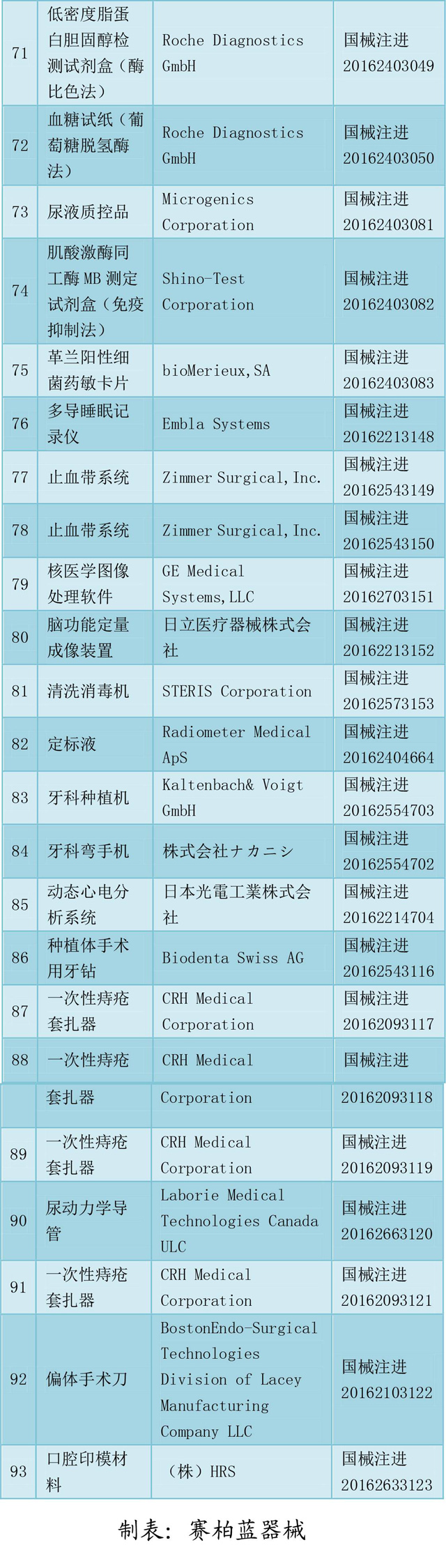 12月13日,CFDA發(fā)布了《總局關(guān)于批準注冊醫(yī)療器械產(chǎn)品公告(2016年第188號)》,公告稱,2016年11月,國家食品藥品監(jiān)督管理總局共批準注冊醫(yī)療器械產(chǎn)品93個。
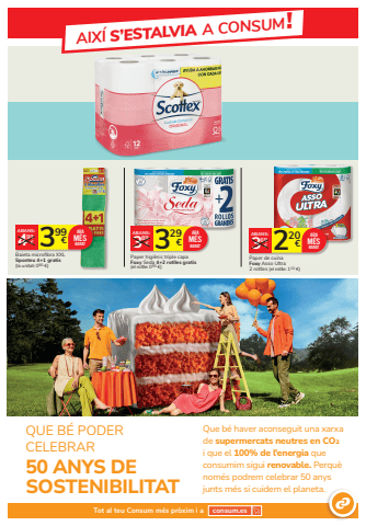 399 4 %u20ac 99%u20acABANS:Baieta microfibra XXLSpontex 4+1 gratis(la unitat: 080 %u20ac)ARAM%u00c9SBARAT 220 3 %u20ac 69%u20acABANS:Paper de cuina Foxy Asso Ultra 2 rotlles (el rotlle: 110 %u20ac)ARAM%u00c9S 3 BARAT29 3 %u20ac 89%u20acABANS:Paper higi%u00e8nic triple capa Foxy Seda 4+2 rotlles gratis(el rotlle: 055 %u20ac)ARAM%u00c9SBARATAIX%u00cd S%u2019ESTALVIA A CONSUM!50 ANYS DE SOSTENIBILITAT QUE B%u00c9 PODER CELEBRARQue b%u00e9 haver aconseguit una xarxa de supermercats neutres en CO%u2082i que el 100% de l%u2019energia que consumim sigui renovable. Perqu%u00e8 nom%u00e9s podrem celebrar 50 anys junts m%u00e9s si cuidem el planeta.Tot al teu Consum m%u00e9s pr%u00f2xim i a consum.es
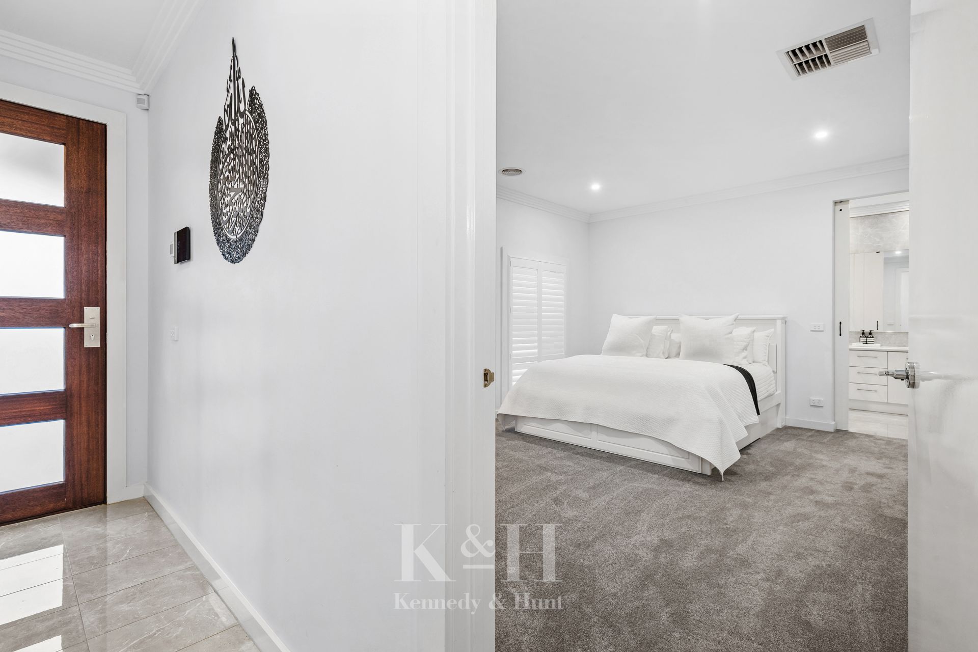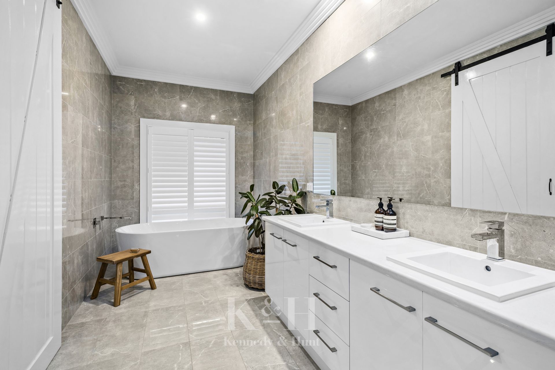 To the front of the home, you will find the stylish and spacious main bedroom suite; featuring an expansive WIR and luxurious ensuite with an extra large shower, floor-to-ceiling tiles, double vanity, and a bath.
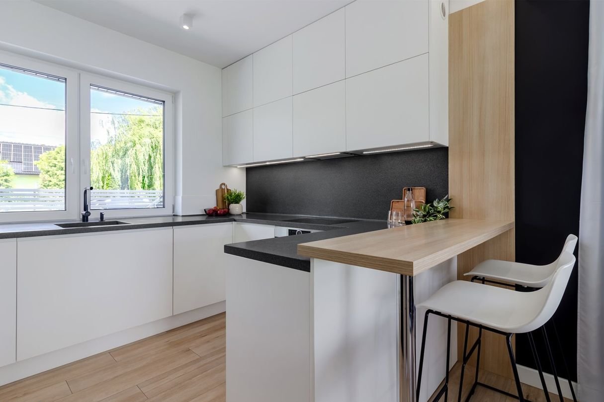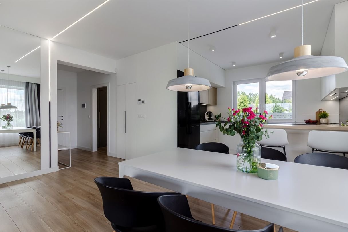 Wybudowany w 2020 roku, został wykończony pod okiem architekta w stylu minimalistycznym – prostym, spójnym i bardzo funkcjonalnym. Przestrzeń została zaprojektowana tak, aby codzienne życie było wygodne i intuicyjne.
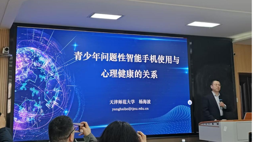下午的专题讲座于我校文科大楼910室召开,由我校严磊博士主持,参与人员包括:院长张艳红,心理学系主任朱晓伟,心理学系教师陈方、卢忠耀、连帅磊、王丛兴、甘进华等教师,及应用心理学专业大二全体学生。杨海波教授以一些生活化自测问题切入,快速引出“问题性智能手机使用”核心议题。他简要梳理背景:我国网民及未成年人网民规模、智能手机持有率均处于高位,城乡青少年互联网使用场景分化显著,智能设备普及已对儿童青少年认知发展、学习行为、亲子关系、社会化及心理健康形成五大维度挑战。
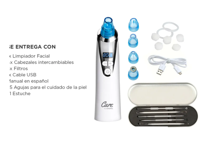 Especificaciones Limpiador Facial Care By Gadnic BF3078 Removedor de Puntos Negros 5 Velocidades - CLEAN001 Tensión: 3.7 V Potencia: 1 W Dimensiones: 18 Extractor De Puntos Negros Gadnic KM600 Kit De 5 Agujas Acné - KITMANI6 Ideal para el cuidado de la piel Material: Acero inoxidable plata Saca los ...
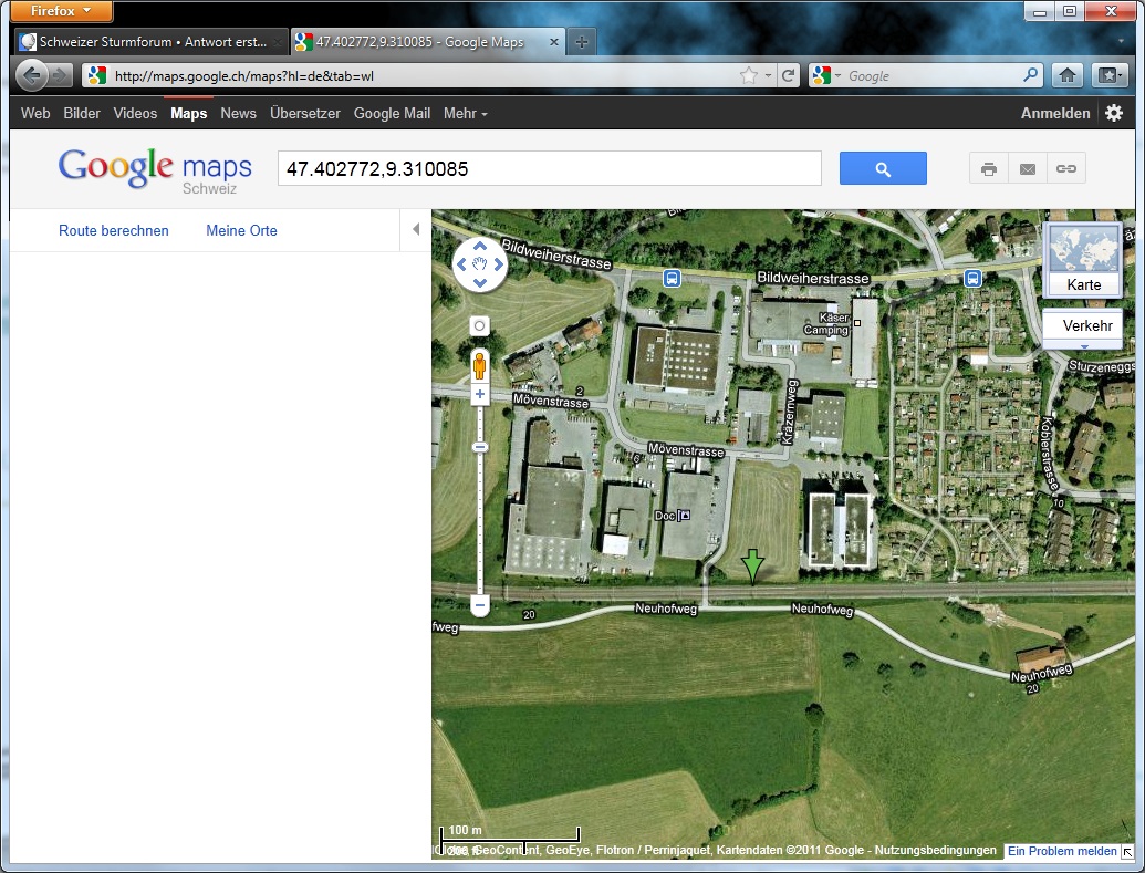 Vielen Dank für die Daten. Bist Du sicher, dass dieser östlich (nicht westlich? > siehe Loop) von Winterthur zu lokalisieren wäre?
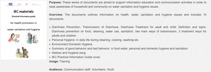 The documents outlines information on health, water, sanitation and hygiene issues and includes 10 documents: Diarrhoea Prevention, Transmission of Diarrhoea, Diarrhoea Treatment for adult and child: Definition and signs, Diarrhoea prevention on food, cleaning, water use, sanitation, two main ways of transmission, 3 treatment ways for adults and children Personal Hygiene: in daily life during cleaning, cooking, washing etc., Environment Domestic Hygiene, Summary of good behavior and […]
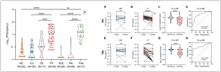 银屑病严重程度蛋白标志物:于晓波团队针对疾病不同严重程度队列进行研究,结果证实,Elafin不仅可用于银屑病的精准诊断,更能有效评估疾病严重程度、预测疗效并进行动态监测,其鉴别银屑病与关节炎的能力尤为突出(AUC高达0.984)。
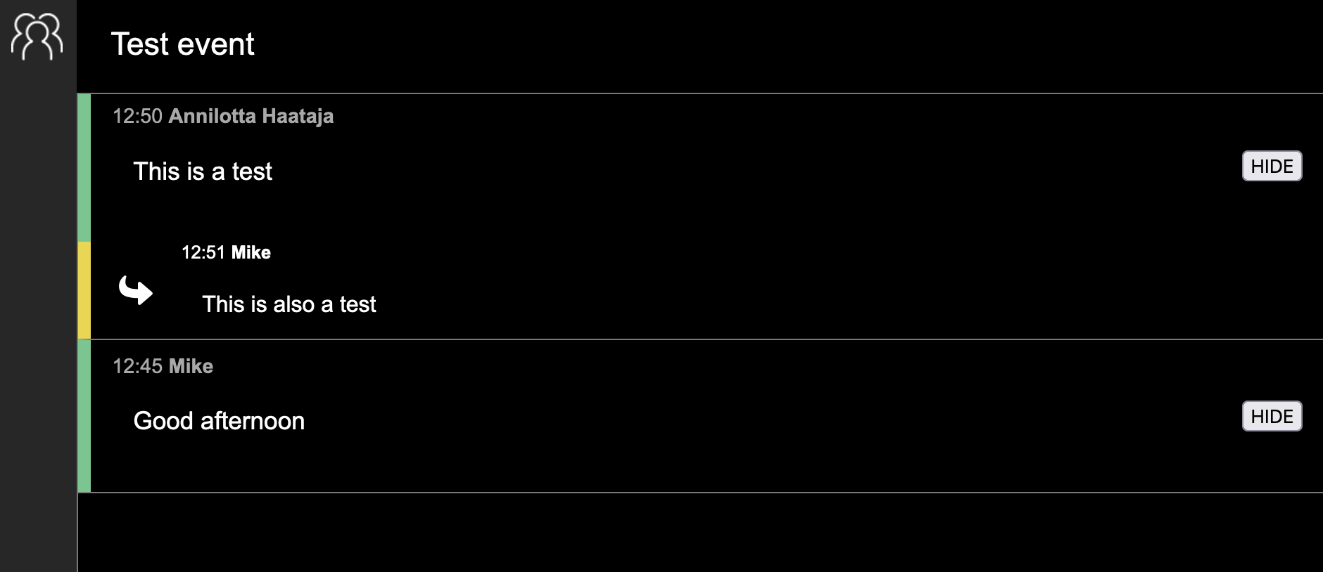 When the event is over, and admin does not want users anymore to see the event messages on event view or on hybrid event message board, the admin can turn on the "Hide Messages" function in the admin menu.
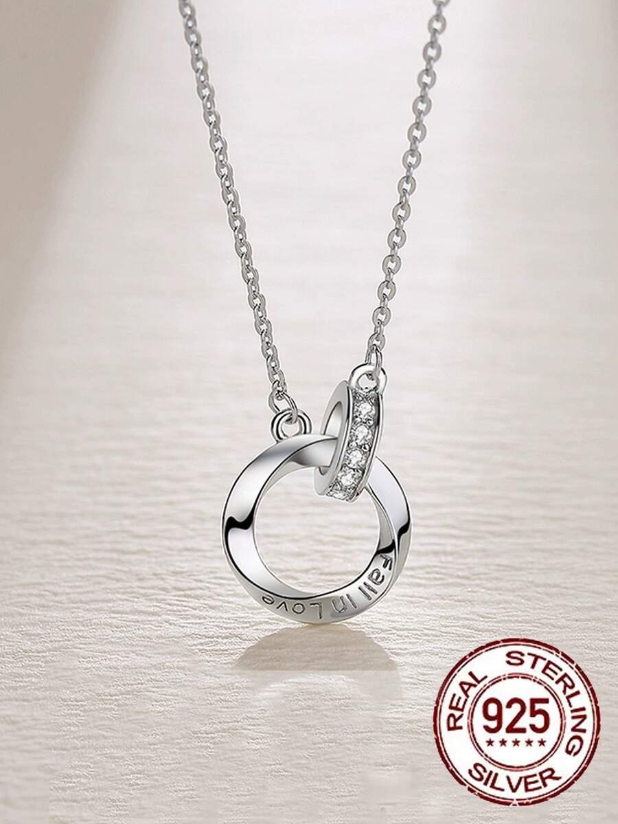 1pc Solid 925 Sterling Silver Necklace With Cubic Zirconia Pave, Round Link Chain For Women's Luxury Jewelry Collection
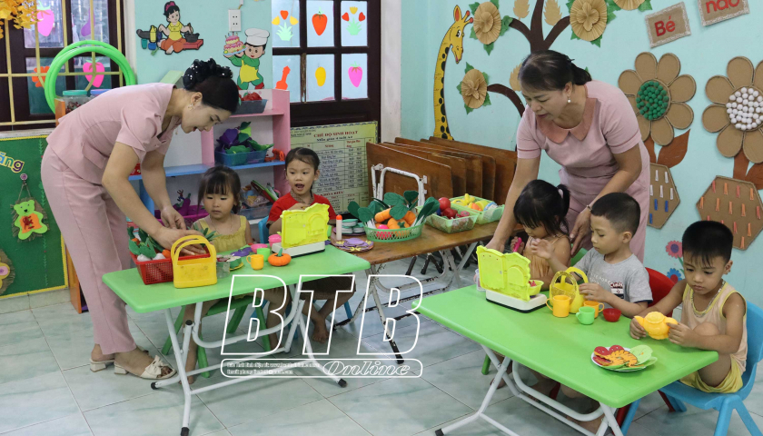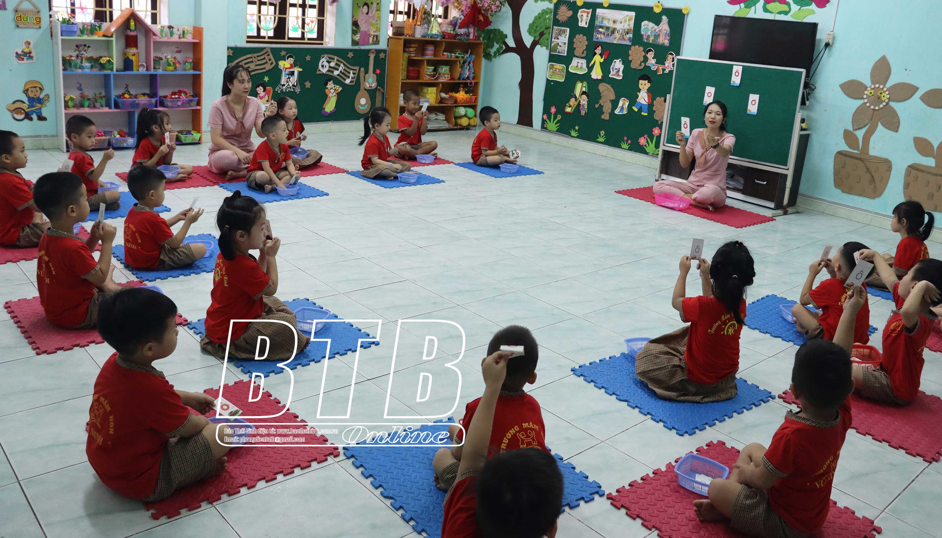 Ông Lại Công Hoan cho biết thêm: Cùng với làm tốt công tác giáo dục, nhà trường còn đầu tư mua sắm đầy đủ đồ dùng trang thiết bị phục vụ tốt cho việc nuôi dưỡng chăm sóc trẻ. Đến nay, toàn bộ các phòng học đều có hệ thống điều hòa 2 chiều, bình nóng lạnh, hệ thống rèm cửa, công trình nhà vòm đa năng. Ngoài việc xây dựng thực đơn, tính khẩu phần cho trẻ ăn theo quy định, nhà trường đã đầu tư trang thiết bị phục vụ đầy đủ cho việc nấu ăn như tủ hấp cơm, nồi cháo công nghiệp, tủ sấy bát, máy thái rau, củ, quả, máy lọc nước, máy rửa bát bảo đảm vệ sinh an toàn thực phẩm. Kết quả hàng năm 100% học sinh lớp 5 tuổi của nhà trường đủ điều kiện vào lớp 1; 98% trở lên số học sinh ở kênh phát triển bình thường. Nhà trường đã vinh dự được nhận bằng khen của Thủ tướng Chính phủ, Bộ Giáo dục và Đào tạo và của UBND tỉnh.

- - -

# [Problem to solve]
Of the lines above, copy only those from the one holding "Wybudowany w 2020" to the one holding "1pc Solid 925", both included, and exclude every image.

# [Problem solution]
 Wybudowany w 2020 roku, został wykończony pod okiem architekta w stylu minimalistycznym – prostym, spójnym i bardzo funkcjonalnym. Przestrzeń została zaprojektowana tak, aby codzienne życie było wygodne i intuicyjne.
下午的专题讲座于我校文科大楼910室召开,由我校严磊博士主持,参与人员包括:院长张艳红,心理学系主任朱晓伟,心理学系教师陈方、卢忠耀、连帅磊、王丛兴、甘进华等教师,及应用心理学专业大二全体学生。杨海波教授以一些生活化自测问题切入,快速引出“问题性智能手机使用”核心议题。他简要梳理背景:我国网民及未成年人网民规模、智能手机持有率均处于高位,城乡青少年互联网使用场景分化显著,智能设备普及已对儿童青少年认知发展、学习行为、亲子关系、社会化及心理健康形成五大维度挑战。
 Especificaciones Limpiador Facial Care By Gadnic BF3078 Removedor de Puntos Negros 5 Velocidades - CLEAN001 Tensión: 3.7 V Potencia: 1 W Dimensiones: 18 Extractor De Puntos Negros Gadnic KM600 Kit De 5 Agujas Acné - KITMANI6 Ideal para el cuidado de la piel Material: Acero inoxidable plata Saca los ...
 Vielen Dank für die Daten. Bist Du sicher, dass dieser östlich (nicht westlich? > siehe Loop) von Winterthur zu lokalisieren wäre?
 The documents outlines information on health, water, sanitation and hygiene issues and includes 10 documents: Diarrhoea Prevention, Transmission of Diarrhoea, Diarrhoea Treatment for adult and child: Definition and signs, Diarrhoea prevention on food, cleaning, water use, sanitation, two main ways of transmission, 3 treatment ways for adults and children Personal Hygiene: in daily life during cleaning, cooking, washing etc., Environment Domestic Hygiene, Summary of good behavior and […]
 银屑病严重程度蛋白标志物:于晓波团队针对疾病不同严重程度队列进行研究,结果证实,Elafin不仅可用于银屑病的精准诊断,更能有效评估疾病严重程度、预测疗效并进行动态监测,其鉴别银屑病与关节炎的能力尤为突出(AUC高达0.984)。
 When the event is over, and admin does not want users anymore to see the event messages on event view or on hybrid event message board, the admin can turn on the "Hide Messages" function in the admin menu.
 1pc Solid 925 Sterling Silver Necklace With Cubic Zirconia Pave, Round Link Chain For Women's Luxury Jewelry Collection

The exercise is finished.